Why It Took 53 Years for This Regina Alternative School to Hand Out a Diploma

Why It Took 53 Years for This Regina Alternative School to Hand Out a Diploma

Imagine hauling a drowning kid into a lifeboat, wrapping them in a warm blanket, getting them stable, and then tossing them right back into the freezing water. It sounds brutal. But for decades, that was the exact reality for students at Regina's Cornwall Alternative School. They would find stability in a specialized program, only to be forced back into the mainstream education system once they aged out.

It made zero sense.

Now, after 53 years in operation, Cornwall has finally handed out its very own Grade 12 diplomas. The school just celebrated its first-ever graduating class of two students. I've spent a lot of time analyzing educational policy and dropout statistics, and I can tell you this isn't just a feel-good local news blip. It is a massive indictment of how we traditionally handle vulnerable students, and a clear, functional blueprint for how to actually fix the system.

The Flaw in the Mainstream Funnel

Cornwall was founded in 1972 by a group of social workers. It started out as a downtown tutoring program for kids dealing with intense poverty, addiction, and family crises. These are the students who immediately fall through the cracks of a noisy, 30-person classroom.

Principal Andrew Irwin-Pasloski sums up their admissions criteria pretty bluntly.

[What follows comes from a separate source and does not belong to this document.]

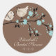 Rund dekal av love birds med Möhippa och med brid och groomfåglar sitta på gren med turkos blåa blommor på chokladbrun bakgrund. Underbar för möhippans favoritmärken och kuvertförseglingar! Anpassa med din möhippa så är du redo att gå! Matchande inbjudningar och frimärken finns i vår butik www.celebrateitinvites.com.
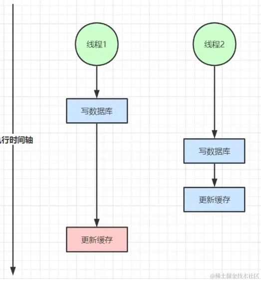 线程1 虽然先于 线程2 发生,但 线程2 操作数据库和缓存的时间,却要比 线程1 的时间短,执行时序发生「错乱」,最终这条数据结果是不符合预期的。

If you can think of a reason a kid isn't succeeding in a regular high school, they end up at Cornwall. We are talking about severe trauma. Serious behavioral issues. Heavy mental health struggles. You name it, they see it.

For years, the school offered a haven, but only up to Grade 9 or 10. Then came the referral out. The kids were sent back to massive, bureaucratic high schools to finish their education. The result was completely predictable. Graduation rates for these students hovered in the 20 percent range. They lost their go-to counsellors. They lost their tight-knit safe space. They simply dropped out.

Forcing marginalized kids back into the exact environments that broke them doesn't build resilience. It breeds despair.

What an Effective Alternative Actually Looks Like

You can't just slap the word "alternative" on a brick building and expect miracles. You need structural, permanent changes to the way you teach.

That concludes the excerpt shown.